- Born: Damilare Osundare 23 December 1991 (age 34) Ibadan, Nigeria
- Citizenship: Nigeria
- Education: Obafemi Awolowo University, Ajayi Crowther University.
- Occupations: Nigerian comedian and Author
- Known for: CEO/founder Humorality Comedy Academy
- Spouse: Abiodun Christiana Oluwasegun ​ ​(m. 2021)​
- Children: One
- Website: damilareosundare.com

= Asiricomedy =

Nigerian comedian

Damilare Oluwasegun (born 23 December 1991) known by his stage name Asiricomedy, is a Nigerian comedian, author, and speaker. He is the founder of the Humorality Club, a hub for budding comic talents. In 2021, Damilare was enlisted as one of the Top 100 Nigerian Youth Leaders for the Royal African Young Leadership Forum (RAYLF) by His Imperial Majesty, Ooni of Ife, Oba Adeyeye Enitan Ogunwusi.

During Mr. Damilare's interview with Channels Television, "he affirmed that becoming a comedian was a coincidence, as his desire was to become a teacher after completing his undergraduate degree. However, he developed interest in comedy making during his undergraduate programme in 2010".

Aside from his stage name, he is also known as Asiri, which means secret. He trains corporate executives on subjects that include strategy, sustainability, influencer marketing, storytelling, and brand strategy. He has published four books as an author. His books were written under the pen name Damilare Osundare before he morphed into Damilare Oluwasegun.

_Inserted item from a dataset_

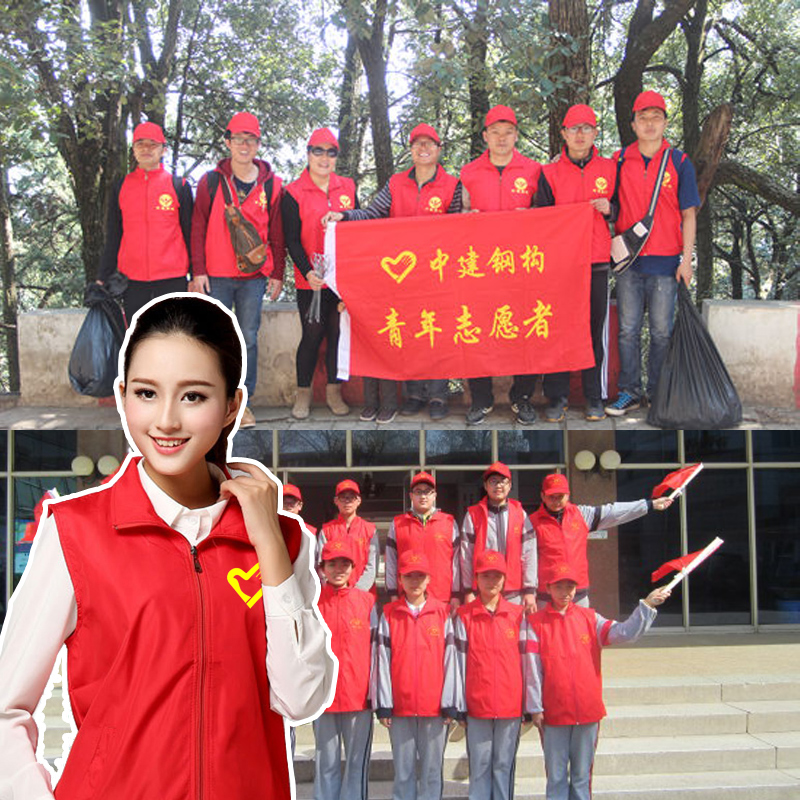 志愿者马甲定制党员义工红色背心超市文化广告衫 印字logo 工作服装
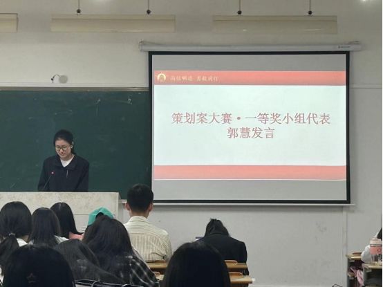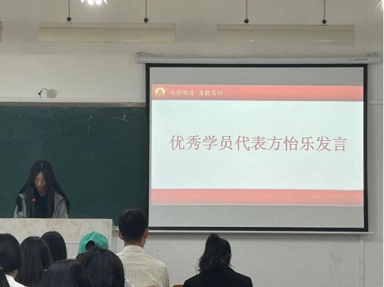 紧接着,优秀学员代表方怡乐发言,她分享了自己在这一学期以来的学习体会,阐述了在这一年里商学院团委学生会给自己带来的收获与成长。接着,策划案大赛一等奖小组代表郭慧发言,讲述了策划案大赛在团队协作和方案制定方面给自己带来的成长,并以小组在策划案大赛准备过程中的实际经历为例,总结了优点与不足,给大家提供了相关比赛经验。

In August 2023, he recorded a comedy special themed "Open secret".

== Education ==
Damillare is an alumnus of Obafemi Awolowo University, where he studied Microbiology and Immunology 2008-2013. In 2019, Damilare became a Fellow of the Chartered Institute of Loan and Risk Management of Nigeria (ACILRM) before he proceeded to Ajayi Crowther University, Oyo, for an MBA with a specialty in Business Administration and General Management (2019–2021).

== Books ==

- Asiri (Mystery) ISBN 978-1-9816-4315-8
- ANTICIPATION: The Fire of Process ISBN
- The Hero
- I don’t like Semo

== Personal life ==
He is married to Abiodun Christiana Oluwasegun and has one son.

== Awards and recognitions ==
- The Top 100 Nigerian Youth Leaders by the Ooni of Ife, Oba Adeyeye Enitan Ogunwusi, honoured Damilare as one of the young Nigerians leading the way in the leadership and business arenas in 2021.